Researchers examined the responses of intestinal mucosal barrier functions to simulated weightlessness, by using the hindlimb unloading rats model. Exposure to microgravity or weightlessness leads to various adaptive and pathophysiological alterations in digestive structures and physiology. 

Compared with normal controls, simulated weightlessness damaged the intestinal villi and structural integrity of tight junctions, up-regulated the expression of pro-apoptotic protein Bax while down-regulated the expression of anti-apoptotic protein Bcl-2, thus improved the intestinal permeability. It could also influence intestinal microbiota composition with the expansion of Bacteroidetes and a decrease of Firmicutes.

Exposure to microgravity leads to alternations in multiple systems, such as cephalad fluid shift, space motion sickness, muscle atrophy, bone demineralization, and immune system dysregulation. It could also cause various adaptive and pathophysiological alterations in digestive structures and physiology, thus induce slowdown of nutrient digestion and absorption, and disorder of intestinal immunity 


Previous studies have demonstrated that the hindlimb unloading, a well-accepted ground-based spaceflight analog, can impair the integrity of intestine and reduce its ability against bacterial infection. It indicated that during spaceflight the intestine encounters increased risk for microbial infection.

The microgravity and related low fluid shear dynamics has also been proved to be able to regulate microbial gene expression, physiology and pathogenesis. The present study was conducted to investigate the response of intestinal barrier functions of rats to hindlimb unloading, a well-accepted weightlessness analog.

In detail, the structure of intestine was observed; the expressions of apoptosis-associated proteins and tight junction-related proteins in ileum were analyzed; the levels of several serum inflammatory cytokines and peripheral blood cells were detected. Furthermore, the change of TLRs/MyD88/NF-κB signaling pathway in response to hindlimb unloading was investigated.


More importantly, the influence of gut microbiota under simulated weightlessness at species level was studied, the bacterial metagenomes of gut microbiota were predicted from 16S rRNA data, and categorized by function with Kyoto Encyclopedia of Genes and Genomes (KEGG) ontology.

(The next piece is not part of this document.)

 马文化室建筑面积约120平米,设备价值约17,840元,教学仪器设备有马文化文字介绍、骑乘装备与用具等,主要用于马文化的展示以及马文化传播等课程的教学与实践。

The present study employed a hindlimb unloading rats model to examine the response of the intestinal mucosal barrier function of rats to simulated weightlessness.  The hindlimb unloading model, also known as tail suspension, is a well-established ground-based approach simulating certain physiological effects during space flight. 

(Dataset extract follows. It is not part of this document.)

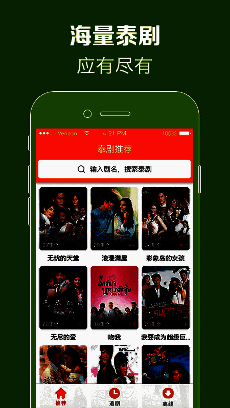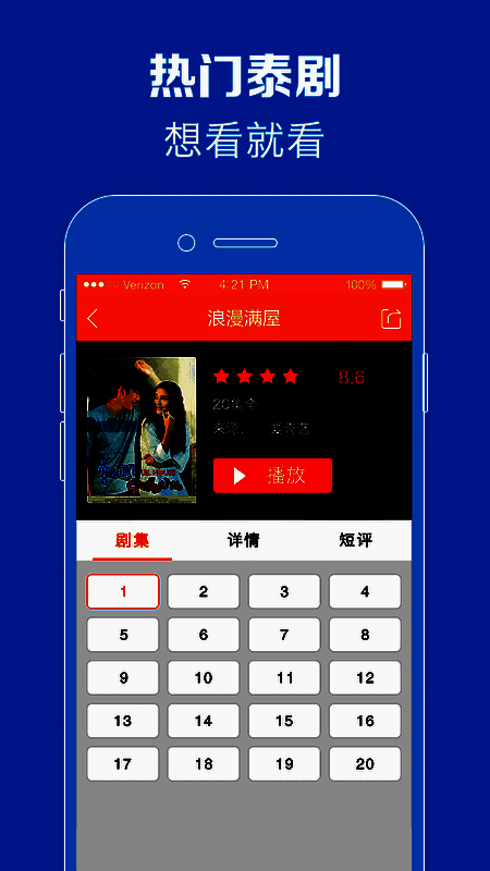 具备720p超高清图像,带来电影级视觉享受;全新“重播”键,不错过每集精彩;下载速度快,支持离线缓存,无需担忧电影质量;可给泰剧打分,查看最新评论,为喜欢的偶像打分。

Under microgravity, the absence of hydrostatic pressure gradient results in redistribution of the blood from veins of the lower limbs to the chest and head, which are similar to that induced by the tail suspension. The environmental stress in space can perturb the structure and composition of intestinal bacterial communities even during short spaceflights.

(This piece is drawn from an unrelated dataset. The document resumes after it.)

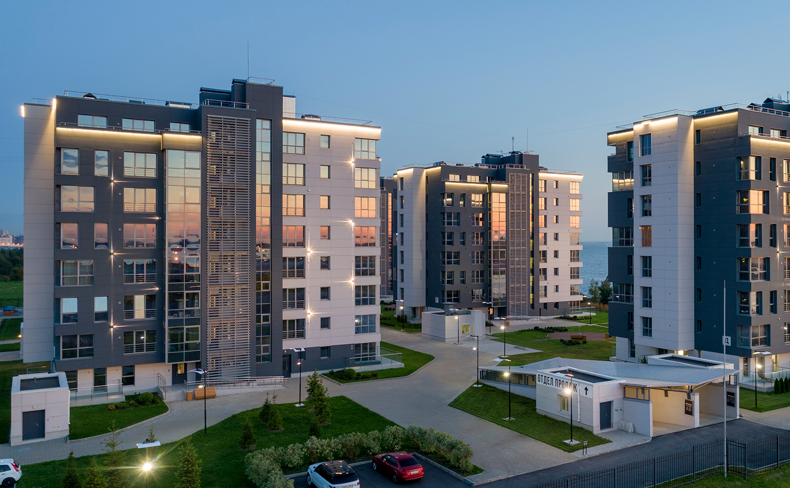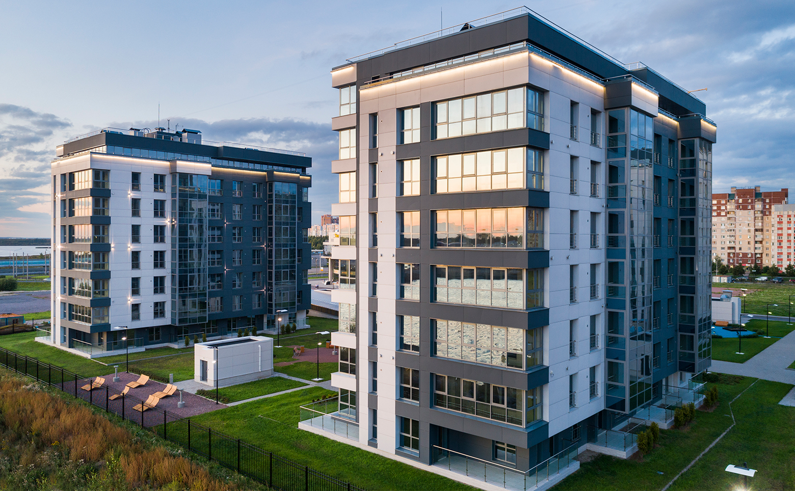 Проект «Лахта Плаза» представляет собой комплекс апартаментов. Всего спроектировано 5 домов высотой 8 этажей. В местах общего пользования выполнена дизайнерская отделка.

Microgravity or simulated weightlessness has been shown to induce dysbiosis in intestinal microbiota. The current findings emphasize the necessity of monitoring and regulating astronauts’ intestinal health during real space flights. Results also highlight the importance of intestinal mucosal barrier functions in the health status of astronauts.

In the future work, the mechanisms by which the real weightlessness interacts with intestinal mucosal barrier functions will be elucidated, which will provide clues for developing rational avenues and countermeasures to prevent breakdowns in intestinal homeostasis of crewmembers.